Provided material

####

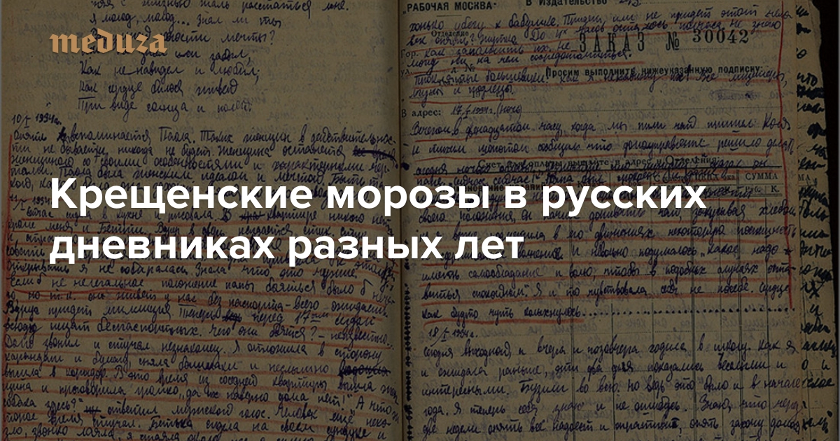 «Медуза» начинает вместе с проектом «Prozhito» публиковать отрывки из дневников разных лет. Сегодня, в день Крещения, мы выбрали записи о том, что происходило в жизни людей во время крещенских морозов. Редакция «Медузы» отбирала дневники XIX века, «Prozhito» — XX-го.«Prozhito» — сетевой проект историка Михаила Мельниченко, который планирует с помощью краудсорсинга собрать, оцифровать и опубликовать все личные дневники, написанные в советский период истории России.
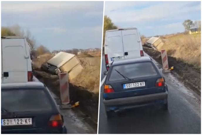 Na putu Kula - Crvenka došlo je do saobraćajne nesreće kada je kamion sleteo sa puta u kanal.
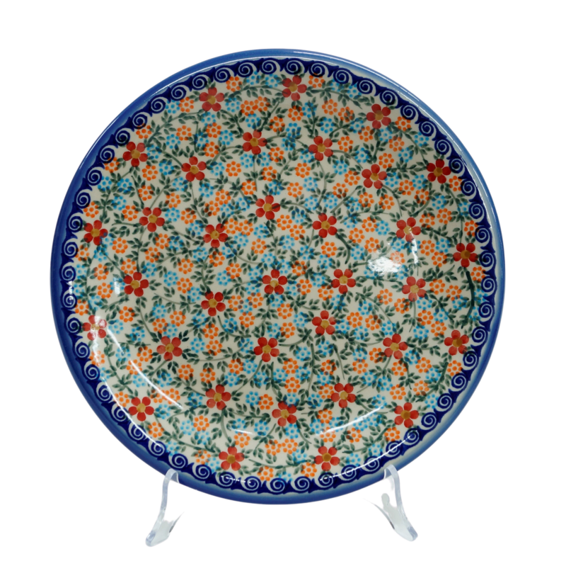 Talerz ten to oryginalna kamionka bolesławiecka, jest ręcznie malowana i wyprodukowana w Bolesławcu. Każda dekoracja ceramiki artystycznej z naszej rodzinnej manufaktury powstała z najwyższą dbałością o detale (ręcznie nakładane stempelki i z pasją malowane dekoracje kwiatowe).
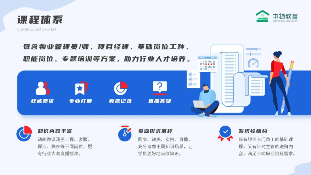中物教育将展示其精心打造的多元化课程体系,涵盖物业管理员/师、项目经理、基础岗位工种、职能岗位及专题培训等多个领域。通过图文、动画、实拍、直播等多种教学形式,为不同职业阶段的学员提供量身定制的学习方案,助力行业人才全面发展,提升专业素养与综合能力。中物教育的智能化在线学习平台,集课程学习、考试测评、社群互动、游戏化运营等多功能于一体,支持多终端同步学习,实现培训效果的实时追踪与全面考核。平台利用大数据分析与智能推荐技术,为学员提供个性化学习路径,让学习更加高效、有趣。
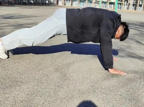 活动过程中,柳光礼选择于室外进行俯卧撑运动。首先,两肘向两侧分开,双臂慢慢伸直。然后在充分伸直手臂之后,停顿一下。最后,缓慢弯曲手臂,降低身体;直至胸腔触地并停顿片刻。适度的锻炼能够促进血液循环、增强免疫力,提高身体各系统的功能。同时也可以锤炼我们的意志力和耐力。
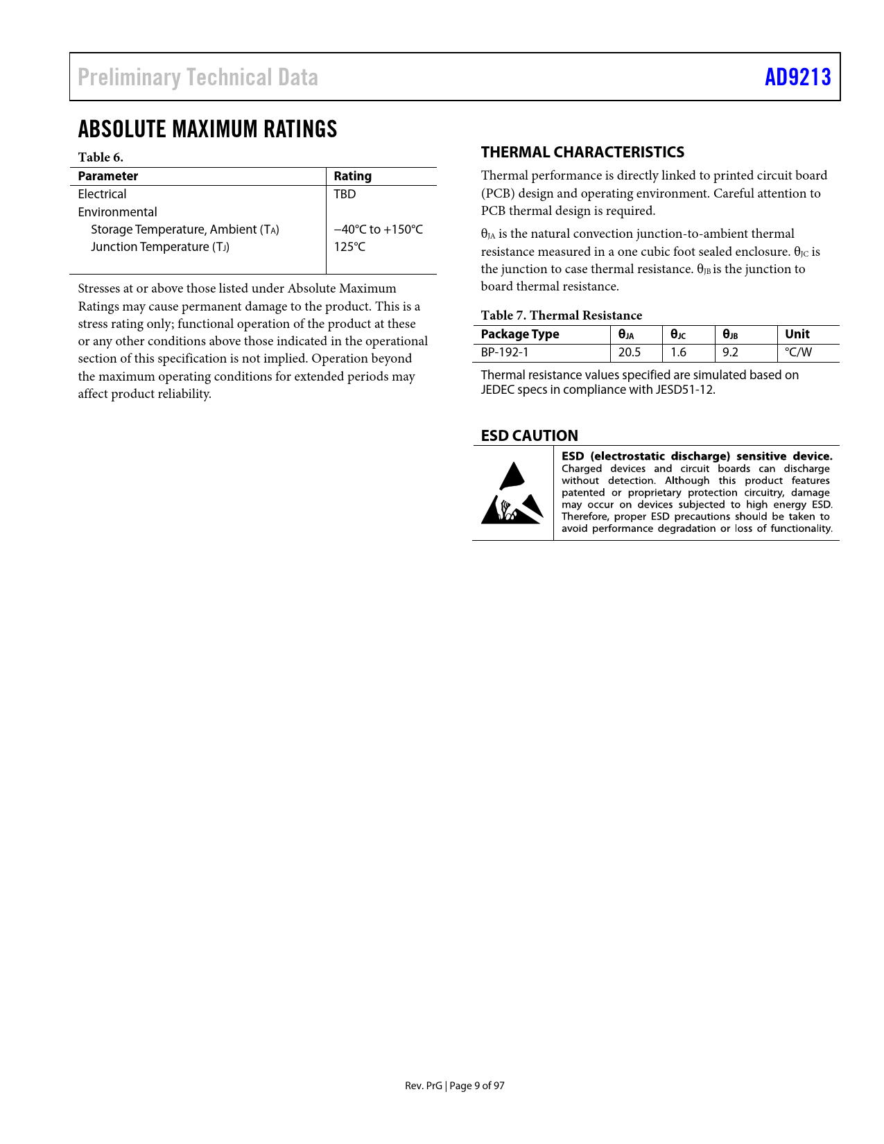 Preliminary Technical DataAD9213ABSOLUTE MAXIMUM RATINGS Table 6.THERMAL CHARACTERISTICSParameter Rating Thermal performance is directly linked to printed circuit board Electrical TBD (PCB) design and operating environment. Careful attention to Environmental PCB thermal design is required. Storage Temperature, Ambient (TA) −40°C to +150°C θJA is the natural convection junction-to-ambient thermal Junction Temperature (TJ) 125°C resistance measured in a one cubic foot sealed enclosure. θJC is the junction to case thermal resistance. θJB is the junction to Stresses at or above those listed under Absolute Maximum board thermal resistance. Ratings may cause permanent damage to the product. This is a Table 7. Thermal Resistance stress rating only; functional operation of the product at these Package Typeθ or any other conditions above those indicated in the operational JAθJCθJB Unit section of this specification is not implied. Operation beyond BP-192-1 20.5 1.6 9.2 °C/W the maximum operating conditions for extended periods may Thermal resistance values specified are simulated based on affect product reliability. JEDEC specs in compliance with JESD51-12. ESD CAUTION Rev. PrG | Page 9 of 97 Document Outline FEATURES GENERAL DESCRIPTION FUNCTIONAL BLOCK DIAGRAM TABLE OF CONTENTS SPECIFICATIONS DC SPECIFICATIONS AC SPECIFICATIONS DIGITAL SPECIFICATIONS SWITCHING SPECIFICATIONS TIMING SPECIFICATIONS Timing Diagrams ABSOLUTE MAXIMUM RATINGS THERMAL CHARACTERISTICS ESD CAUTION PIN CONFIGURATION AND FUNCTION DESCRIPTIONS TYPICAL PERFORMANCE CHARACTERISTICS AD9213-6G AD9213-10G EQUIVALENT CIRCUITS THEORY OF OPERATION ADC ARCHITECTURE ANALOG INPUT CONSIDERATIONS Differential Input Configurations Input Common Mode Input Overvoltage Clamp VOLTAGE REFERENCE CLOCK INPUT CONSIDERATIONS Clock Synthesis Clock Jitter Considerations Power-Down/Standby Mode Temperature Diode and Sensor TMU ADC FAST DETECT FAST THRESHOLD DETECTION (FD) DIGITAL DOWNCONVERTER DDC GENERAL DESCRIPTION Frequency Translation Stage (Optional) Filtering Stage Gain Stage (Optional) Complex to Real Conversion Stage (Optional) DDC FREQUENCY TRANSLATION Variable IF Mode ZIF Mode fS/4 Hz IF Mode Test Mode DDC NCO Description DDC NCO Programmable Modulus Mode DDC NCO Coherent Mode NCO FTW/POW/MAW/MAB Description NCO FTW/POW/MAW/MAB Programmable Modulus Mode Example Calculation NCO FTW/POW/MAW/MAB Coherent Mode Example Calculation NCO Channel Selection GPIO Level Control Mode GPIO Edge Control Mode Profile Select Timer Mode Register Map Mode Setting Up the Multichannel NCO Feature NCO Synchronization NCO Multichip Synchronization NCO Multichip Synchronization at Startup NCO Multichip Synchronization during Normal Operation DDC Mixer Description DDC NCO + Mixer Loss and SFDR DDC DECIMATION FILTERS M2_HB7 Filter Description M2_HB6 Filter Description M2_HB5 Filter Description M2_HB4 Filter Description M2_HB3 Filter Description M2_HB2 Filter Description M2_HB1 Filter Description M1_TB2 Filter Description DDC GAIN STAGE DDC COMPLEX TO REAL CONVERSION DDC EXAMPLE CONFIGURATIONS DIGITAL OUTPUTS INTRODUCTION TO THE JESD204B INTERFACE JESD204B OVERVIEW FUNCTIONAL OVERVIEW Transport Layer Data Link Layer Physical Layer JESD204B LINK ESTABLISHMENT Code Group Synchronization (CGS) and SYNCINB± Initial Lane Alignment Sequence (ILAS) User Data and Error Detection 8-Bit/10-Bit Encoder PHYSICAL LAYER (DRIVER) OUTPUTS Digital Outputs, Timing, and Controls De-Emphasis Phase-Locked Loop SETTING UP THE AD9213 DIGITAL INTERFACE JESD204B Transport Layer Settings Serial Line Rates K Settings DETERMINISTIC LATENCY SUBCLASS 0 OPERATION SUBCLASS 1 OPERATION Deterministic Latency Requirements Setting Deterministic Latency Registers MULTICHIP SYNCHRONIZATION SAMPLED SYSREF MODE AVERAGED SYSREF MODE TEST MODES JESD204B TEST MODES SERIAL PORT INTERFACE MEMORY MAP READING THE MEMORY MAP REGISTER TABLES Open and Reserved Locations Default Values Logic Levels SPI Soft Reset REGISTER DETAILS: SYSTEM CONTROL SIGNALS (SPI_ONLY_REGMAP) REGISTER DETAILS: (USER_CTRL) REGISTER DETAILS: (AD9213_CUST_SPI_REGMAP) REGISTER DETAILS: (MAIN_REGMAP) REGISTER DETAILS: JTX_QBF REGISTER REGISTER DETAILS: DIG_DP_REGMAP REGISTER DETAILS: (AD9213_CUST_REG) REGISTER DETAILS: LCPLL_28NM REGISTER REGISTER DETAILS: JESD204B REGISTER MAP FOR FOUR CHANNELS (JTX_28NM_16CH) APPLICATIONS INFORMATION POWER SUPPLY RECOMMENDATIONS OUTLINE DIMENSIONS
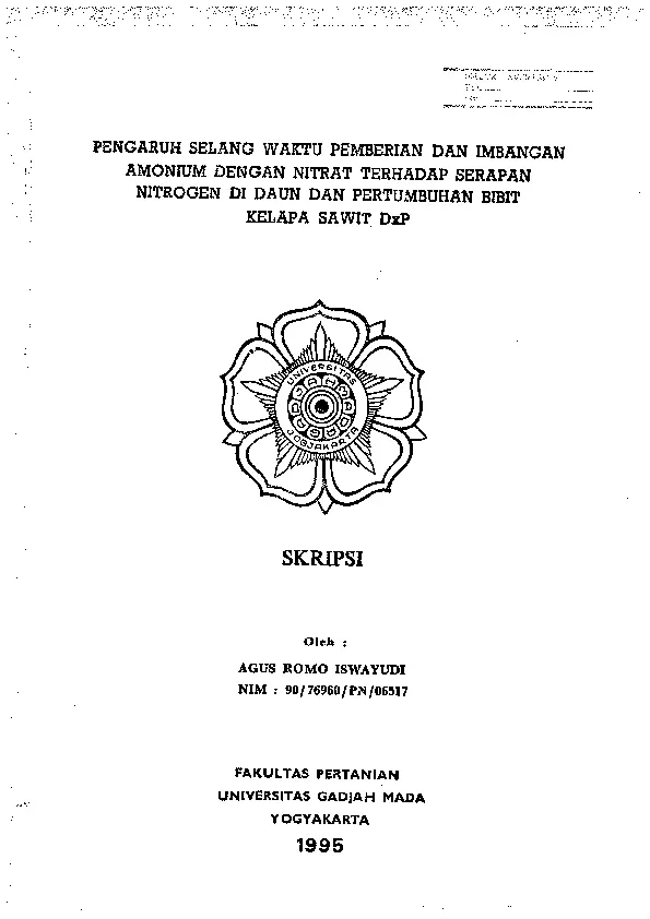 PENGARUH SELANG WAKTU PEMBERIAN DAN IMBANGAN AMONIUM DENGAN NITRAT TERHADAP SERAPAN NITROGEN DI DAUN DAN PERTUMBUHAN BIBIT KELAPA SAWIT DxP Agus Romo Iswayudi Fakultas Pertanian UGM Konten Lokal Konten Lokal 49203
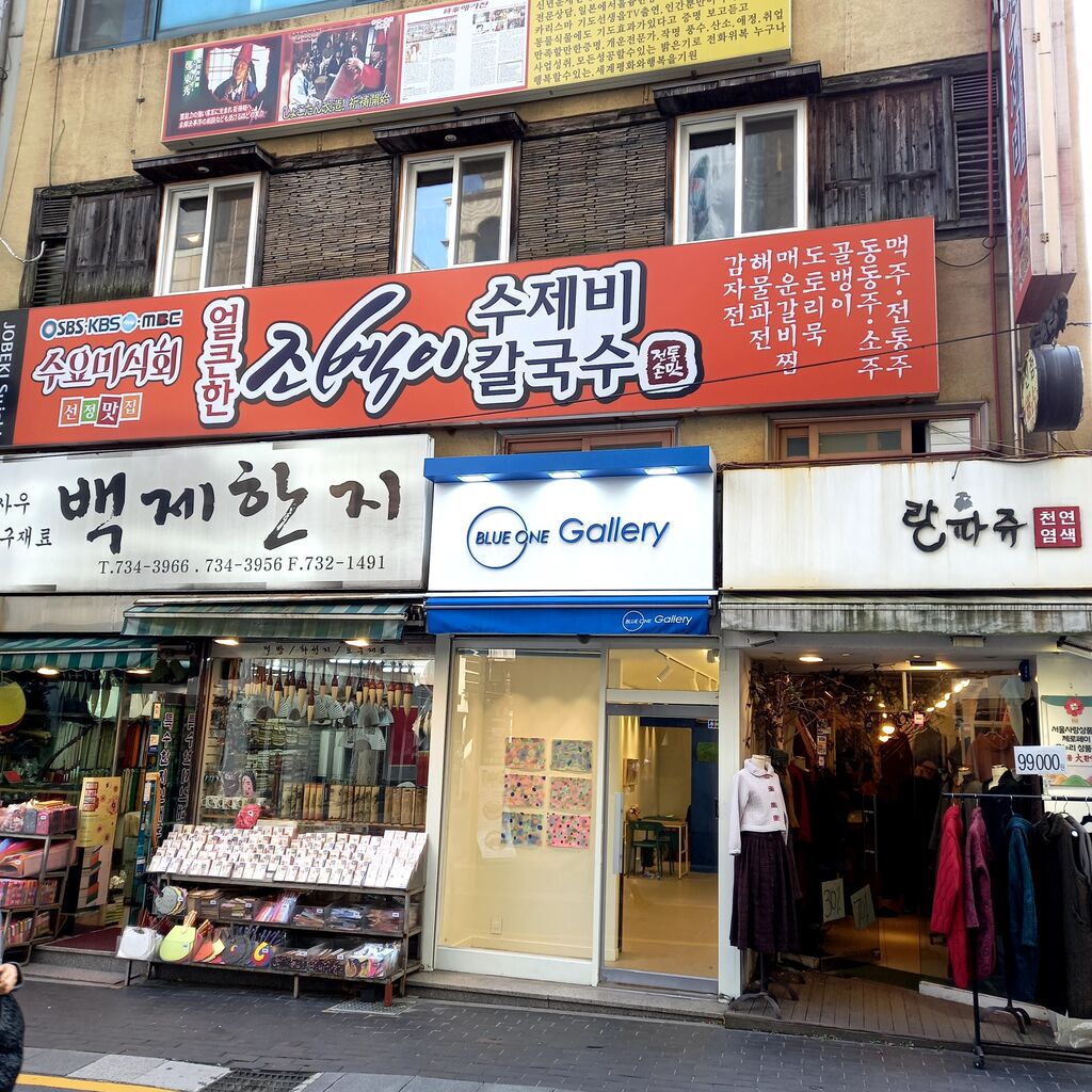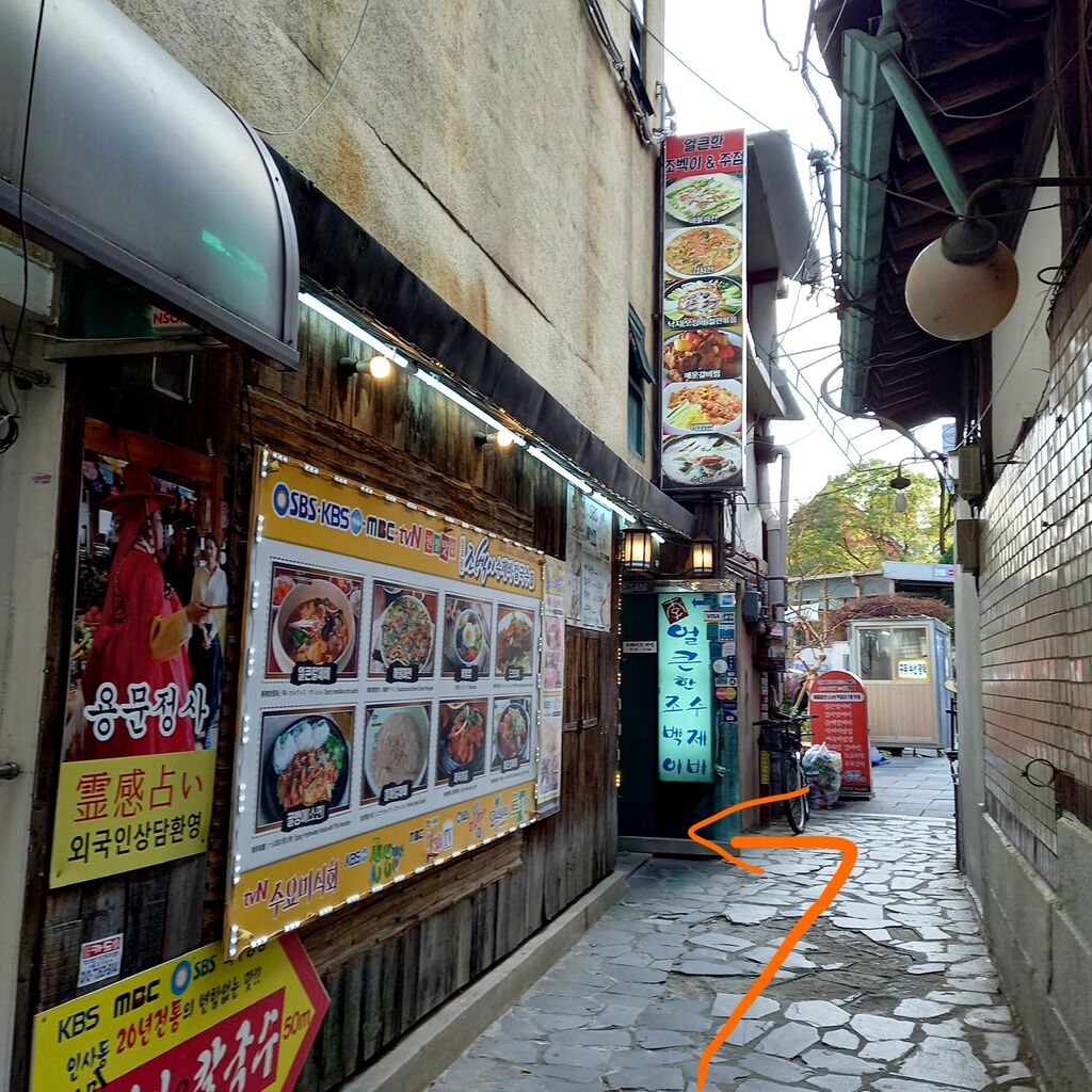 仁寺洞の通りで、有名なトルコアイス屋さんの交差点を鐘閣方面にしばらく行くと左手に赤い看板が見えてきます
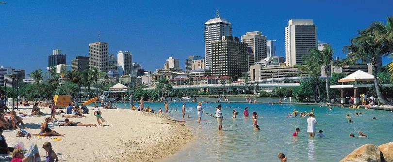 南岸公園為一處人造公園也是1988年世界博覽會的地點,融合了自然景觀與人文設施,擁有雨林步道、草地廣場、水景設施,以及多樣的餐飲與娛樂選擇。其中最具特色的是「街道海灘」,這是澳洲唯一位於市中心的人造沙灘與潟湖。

####

Instructions to follow
Using the data above, output the line that has "中物教育将展示其精心打造的多", the line that has "活动过程中,柳光礼选择于室外", and whatever lines fall between, each exactly as it stands and without pictures.

Written solution
中物教育将展示其精心打造的多元化课程体系,涵盖物业管理员/师、项目经理、基础岗位工种、职能岗位及专题培训等多个领域。通过图文、动画、实拍、直播等多种教学形式,为不同职业阶段的学员提供量身定制的学习方案,助力行业人才全面发展,提升专业素养与综合能力。中物教育的智能化在线学习平台,集课程学习、考试测评、社群互动、游戏化运营等多功能于一体,支持多终端同步学习,实现培训效果的实时追踪与全面考核。平台利用大数据分析与智能推荐技术,为学员提供个性化学习路径,让学习更加高效、有趣。
 活动过程中,柳光礼选择于室外进行俯卧撑运动。首先,两肘向两侧分开,双臂慢慢伸直。然后在充分伸直手臂之后,停顿一下。最后,缓慢弯曲手臂,降低身体;直至胸腔触地并停顿片刻。适度的锻炼能够促进血液循环、增强免疫力,提高身体各系统的功能。同时也可以锤炼我们的意志力和耐力。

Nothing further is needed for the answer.